In the entries below, the lines from the one with "1. Faça login" through the one with "Set de 14 globos" are to be copied exactly; both ends count.

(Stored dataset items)
== Segment start ==
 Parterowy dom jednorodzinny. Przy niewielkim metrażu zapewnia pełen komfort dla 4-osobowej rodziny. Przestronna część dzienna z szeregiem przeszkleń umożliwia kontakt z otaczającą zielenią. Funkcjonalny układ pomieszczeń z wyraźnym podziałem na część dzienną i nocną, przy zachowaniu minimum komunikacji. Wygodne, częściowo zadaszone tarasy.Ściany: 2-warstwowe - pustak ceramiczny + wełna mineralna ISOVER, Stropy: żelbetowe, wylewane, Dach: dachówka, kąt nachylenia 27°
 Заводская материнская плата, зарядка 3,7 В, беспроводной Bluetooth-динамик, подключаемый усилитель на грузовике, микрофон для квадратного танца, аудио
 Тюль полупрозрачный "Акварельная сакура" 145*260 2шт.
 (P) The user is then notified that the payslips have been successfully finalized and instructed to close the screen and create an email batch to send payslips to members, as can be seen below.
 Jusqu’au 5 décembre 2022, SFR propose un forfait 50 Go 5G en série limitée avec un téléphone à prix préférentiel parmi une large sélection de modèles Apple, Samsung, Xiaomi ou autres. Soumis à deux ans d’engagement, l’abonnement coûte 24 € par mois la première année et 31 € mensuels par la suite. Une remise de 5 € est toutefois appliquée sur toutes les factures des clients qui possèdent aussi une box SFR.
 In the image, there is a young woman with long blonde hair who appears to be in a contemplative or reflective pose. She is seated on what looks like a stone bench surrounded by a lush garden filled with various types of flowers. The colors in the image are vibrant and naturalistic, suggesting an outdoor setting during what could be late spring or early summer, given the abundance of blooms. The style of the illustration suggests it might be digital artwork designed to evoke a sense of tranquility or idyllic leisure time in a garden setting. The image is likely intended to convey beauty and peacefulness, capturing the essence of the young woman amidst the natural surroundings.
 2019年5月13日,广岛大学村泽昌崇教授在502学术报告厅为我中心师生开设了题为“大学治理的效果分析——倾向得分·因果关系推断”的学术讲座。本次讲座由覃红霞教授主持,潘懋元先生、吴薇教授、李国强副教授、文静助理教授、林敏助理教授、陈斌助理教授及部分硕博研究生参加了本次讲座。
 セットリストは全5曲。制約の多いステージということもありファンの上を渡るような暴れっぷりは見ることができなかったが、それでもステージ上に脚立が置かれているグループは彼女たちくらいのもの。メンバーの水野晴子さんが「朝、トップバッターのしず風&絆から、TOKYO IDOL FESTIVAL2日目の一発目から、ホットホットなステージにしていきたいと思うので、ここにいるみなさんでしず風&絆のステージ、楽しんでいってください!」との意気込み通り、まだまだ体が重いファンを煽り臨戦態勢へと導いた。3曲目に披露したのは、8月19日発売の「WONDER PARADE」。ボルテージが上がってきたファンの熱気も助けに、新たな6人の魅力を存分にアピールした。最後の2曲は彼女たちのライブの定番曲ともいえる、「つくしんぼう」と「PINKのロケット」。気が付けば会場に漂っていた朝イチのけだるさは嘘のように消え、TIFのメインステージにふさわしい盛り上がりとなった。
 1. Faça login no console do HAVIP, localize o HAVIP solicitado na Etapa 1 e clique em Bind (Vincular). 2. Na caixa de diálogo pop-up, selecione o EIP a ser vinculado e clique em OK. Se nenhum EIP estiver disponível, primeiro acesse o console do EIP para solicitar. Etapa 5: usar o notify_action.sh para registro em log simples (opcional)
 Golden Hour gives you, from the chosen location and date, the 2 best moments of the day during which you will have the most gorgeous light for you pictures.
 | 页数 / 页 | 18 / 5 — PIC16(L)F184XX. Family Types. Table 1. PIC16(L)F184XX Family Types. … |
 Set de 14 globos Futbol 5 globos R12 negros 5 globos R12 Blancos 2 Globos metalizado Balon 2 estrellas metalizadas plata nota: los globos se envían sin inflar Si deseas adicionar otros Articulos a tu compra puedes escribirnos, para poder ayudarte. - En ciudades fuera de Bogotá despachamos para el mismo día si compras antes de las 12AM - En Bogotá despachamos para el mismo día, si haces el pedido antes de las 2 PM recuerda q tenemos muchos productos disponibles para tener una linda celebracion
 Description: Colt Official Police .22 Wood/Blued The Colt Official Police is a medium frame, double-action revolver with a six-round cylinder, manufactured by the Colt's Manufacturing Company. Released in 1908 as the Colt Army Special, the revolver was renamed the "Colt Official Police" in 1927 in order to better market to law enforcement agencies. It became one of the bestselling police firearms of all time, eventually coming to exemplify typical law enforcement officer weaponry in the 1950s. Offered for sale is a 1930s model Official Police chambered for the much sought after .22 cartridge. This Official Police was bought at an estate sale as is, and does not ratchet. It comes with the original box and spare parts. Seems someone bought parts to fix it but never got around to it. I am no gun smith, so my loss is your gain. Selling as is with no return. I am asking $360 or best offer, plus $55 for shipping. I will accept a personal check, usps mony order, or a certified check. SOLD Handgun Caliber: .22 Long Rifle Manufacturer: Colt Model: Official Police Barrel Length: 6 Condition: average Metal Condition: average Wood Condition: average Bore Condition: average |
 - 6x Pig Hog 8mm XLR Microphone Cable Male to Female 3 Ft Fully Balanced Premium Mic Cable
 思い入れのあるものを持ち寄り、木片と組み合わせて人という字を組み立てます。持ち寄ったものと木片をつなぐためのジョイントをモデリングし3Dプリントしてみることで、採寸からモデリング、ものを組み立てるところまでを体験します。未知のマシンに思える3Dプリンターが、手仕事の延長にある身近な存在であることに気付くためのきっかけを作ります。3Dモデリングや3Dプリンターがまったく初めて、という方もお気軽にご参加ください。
== Segment end ==
Task solution:
 1. Faça login no console do HAVIP, localize o HAVIP solicitado na Etapa 1 e clique em Bind (Vincular). 2. Na caixa de diálogo pop-up, selecione o EIP a ser vinculado e clique em OK. Se nenhum EIP estiver disponível, primeiro acesse o console do EIP para solicitar. Etapa 5: usar o notify_action.sh para registro em log simples (opcional)
 Golden Hour gives you, from the chosen location and date, the 2 best moments of the day during which you will have the most gorgeous light for you pictures.
 | 页数 / 页 | 18 / 5 — PIC16(L)F184XX. Family Types. Table 1. PIC16(L)F184XX Family Types. … |
 Set de 14 globos Futbol 5 globos R12 negros 5 globos R12 Blancos 2 Globos metalizado Balon 2 estrellas metalizadas plata nota: los globos se envían sin inflar Si deseas adicionar otros Articulos a tu compra puedes escribirnos, para poder ayudarte. - En ciudades fuera de Bogotá despachamos para el mismo día si compras antes de las 12AM - En Bogotá despachamos para el mismo día, si haces el pedido antes de las 2 PM recuerda q tenemos muchos productos disponibles para tener una linda celebracion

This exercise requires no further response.